(Beginning of INPUT RECORDS)

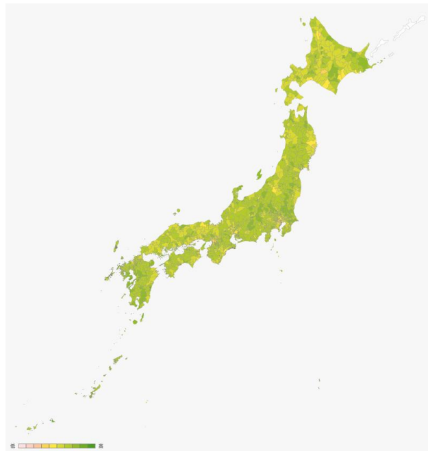
図2 土地利用総合評価の日本全国地図

【取材申し込み及び問合せ先】 総合地球環境学研究所(地球研) 広報室 岡田、中大路 Email: kikaku[at]chikyu.ac.jp *[at]を@に変更して下さい。 Tel: 075-707-2450/070-2179-2130
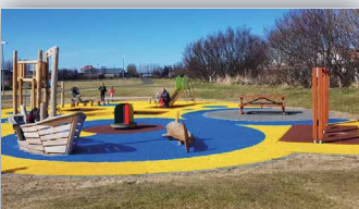
Bæta leiksvæðin við Fossveg og Laugarveg - Siglufirði
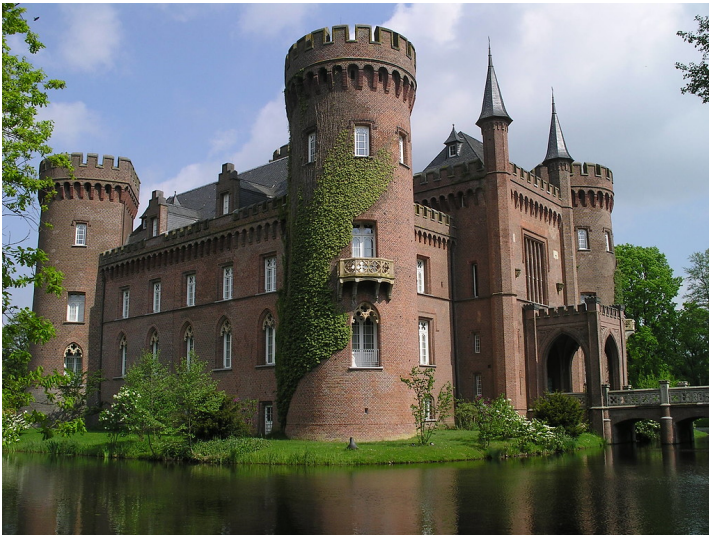
Schloss Moyland in Bedburg-Hau mit Wassergraben
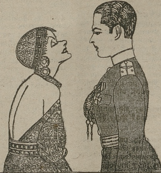
Greta Garbo i Ramon Novarro w filmie „Mała Hari” wylwornii Metro-Goldwyn-Mayer
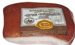
Щеки ЗАКУСОЧНЫЕ , варено-копченые (Донские Традиции), 100 г
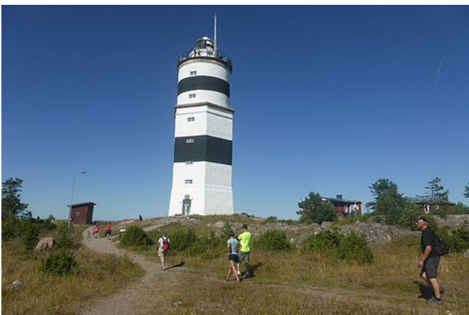
På väg mot Örskärs fyr

Nu väntade Örskär, ett besök i fyren och kanske en glass? Under förmiddagen tilltog den ostliga vinden och vågorna växte till en storlek som fick "tanternas prat att tystna", som en av deltagarna uttryckte det. Vi gled snabbt upp mot Örskärs sydöstra spets i medvinden, gruppens yngling med ett stort leende i ansiktet efter att ha fångat en lyckad surfvåg. Efter lunchen beslutade vi att promenera till fyren istället för att ge oss ut i vågorna igen, ett klokt beslut. Fyrtornet bjöd på en magnifik utsikt! Den efterlängtdade glassen däremot var slutsåld. Tillbaka vid kajakerna och efter en kort paddling till de tänkta tälthällarna valde delar av gruppen att slå läger medan andra paddlade ut och kände på vågorna som skummade mellan bränningarna runt Örskärs grunda och steniga kust.
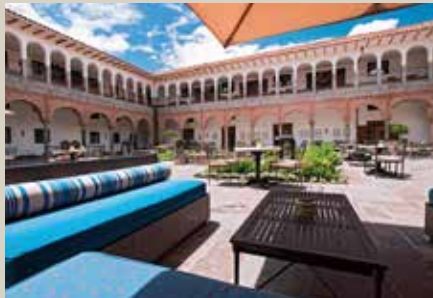
利馬及庫斯科入住5星級JW Marriott 酒店或同級
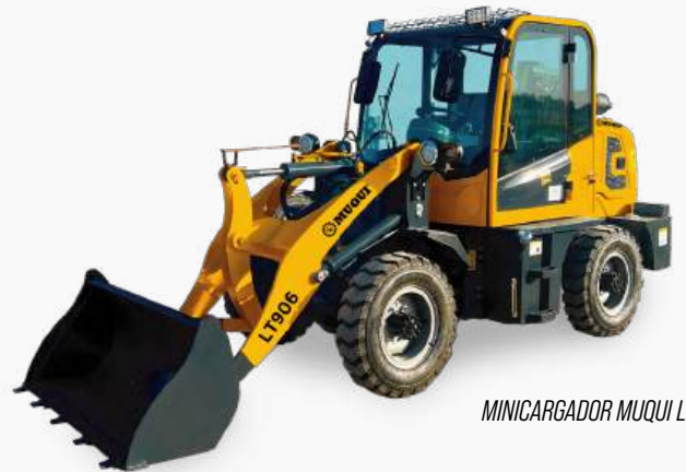
MINICARGADOR MUQUI LT906

Motor: Yunnei 55 Kw | 74 Hp Cilindros: 4 Capacidad de cubo: 0.4m 3 Capacidad de carga: 600 kg. Dimensiones: 4600 x 1210 x 2130 mm
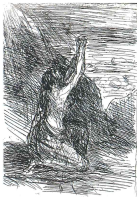
ジャン＝バティスト＝カミュー・コロール 《ひざまずくマグダラのマリア》 1858年 北海道立帯広美術館蔵
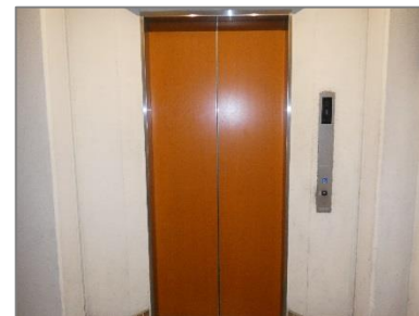
③北エレベーターに乗ります
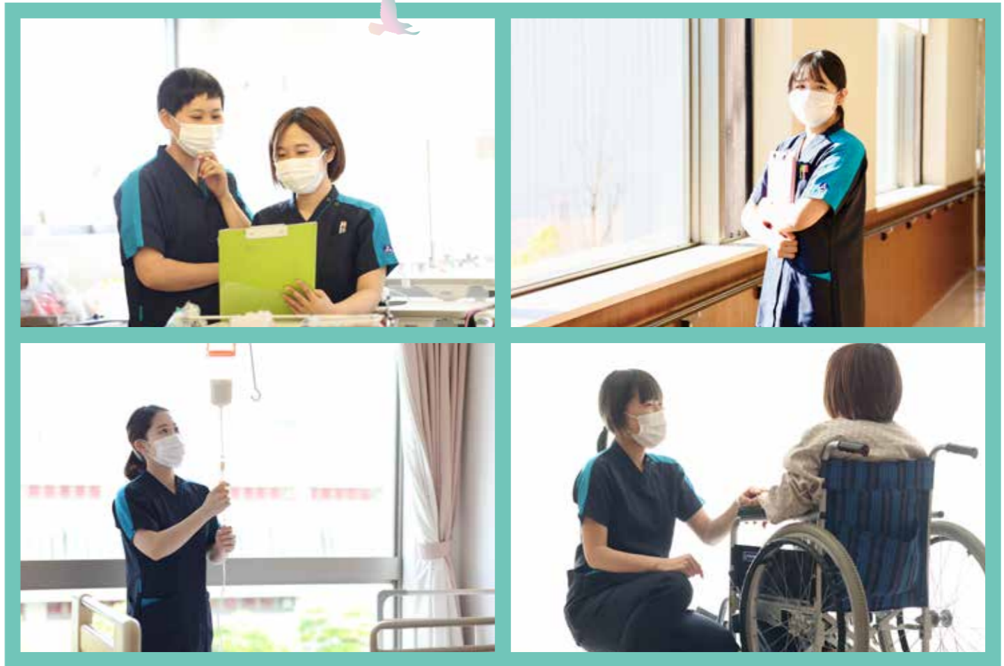
病院で働く看護師達の日常風景
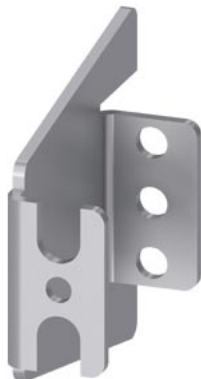
ALPHA DIN ALPHA, wspornik belki, do belka montażowa, stal
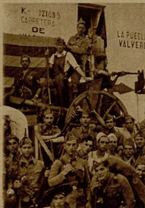
Pieza de Artillería con los soldados que la sirven, y que forman parte de una de las columnas expedicionarias al frente de Aragón
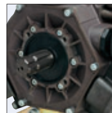
● POST. - REAR ● ARRIÈRE - POSTERIOR

(End of INPUT RECORDS)

■ WHAT THE TASK ASKS:
Which of the lines above carry the string "Örskärs"? Pick them out and copy them.

■ EXERCISE RESPONSE:
På väg mot Örskärs fyr
Nu väntade Örskär, ett besök i fyren och kanske en glass? Under förmiddagen tilltog den ostliga vinden och vågorna växte till en storlek som fick "tanternas prat att tystna", som en av deltagarna uttryckte det. Vi gled snabbt upp mot Örskärs sydöstra spets i medvinden, gruppens yngling med ett stort leende i ansiktet efter att ha fångat en lyckad surfvåg. Efter lunchen beslutade vi att promenera till fyren istället för att ge oss ut i vågorna igen, ett klokt beslut. Fyrtornet bjöd på en magnifik utsikt! Den efterlängtdade glassen däremot var slutsåld. Tillbaka vid kajakerna och efter en kort paddling till de tänkta tälthällarna valde delar av gruppen att slå läger medan andra paddlade ut och kände på vågorna som skummade mellan bränningarna runt Örskärs grunda och steniga kust.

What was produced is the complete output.